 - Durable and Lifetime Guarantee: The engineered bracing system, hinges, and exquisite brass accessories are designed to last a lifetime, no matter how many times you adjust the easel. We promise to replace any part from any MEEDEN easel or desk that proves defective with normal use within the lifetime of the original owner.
= = =
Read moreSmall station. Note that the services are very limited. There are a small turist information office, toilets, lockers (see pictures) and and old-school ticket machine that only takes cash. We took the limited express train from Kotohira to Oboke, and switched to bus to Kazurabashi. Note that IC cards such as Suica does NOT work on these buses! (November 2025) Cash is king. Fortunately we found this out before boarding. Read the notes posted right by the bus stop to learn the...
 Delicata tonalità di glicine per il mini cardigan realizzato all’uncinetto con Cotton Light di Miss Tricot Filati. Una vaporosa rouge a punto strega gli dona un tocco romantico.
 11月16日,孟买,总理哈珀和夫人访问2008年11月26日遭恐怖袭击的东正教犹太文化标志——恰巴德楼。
= = =
§ **Exercise description**:
Retype exactly, and only, the lines above from the one where "Delicata tonalità di" occurs up to and including the one where "11月16日,孟买,总理哈珀" occurs.

§ **Result**:
 Delicata tonalità di glicine per il mini cardigan realizzato all’uncinetto con Cotton Light di Miss Tricot Filati. Una vaporosa rouge a punto strega gli dona un tocco romantico.
 11月16日,孟买,总理哈珀和夫人访问2008年11月26日遭恐怖袭击的东正教犹太文化标志——恰巴德楼。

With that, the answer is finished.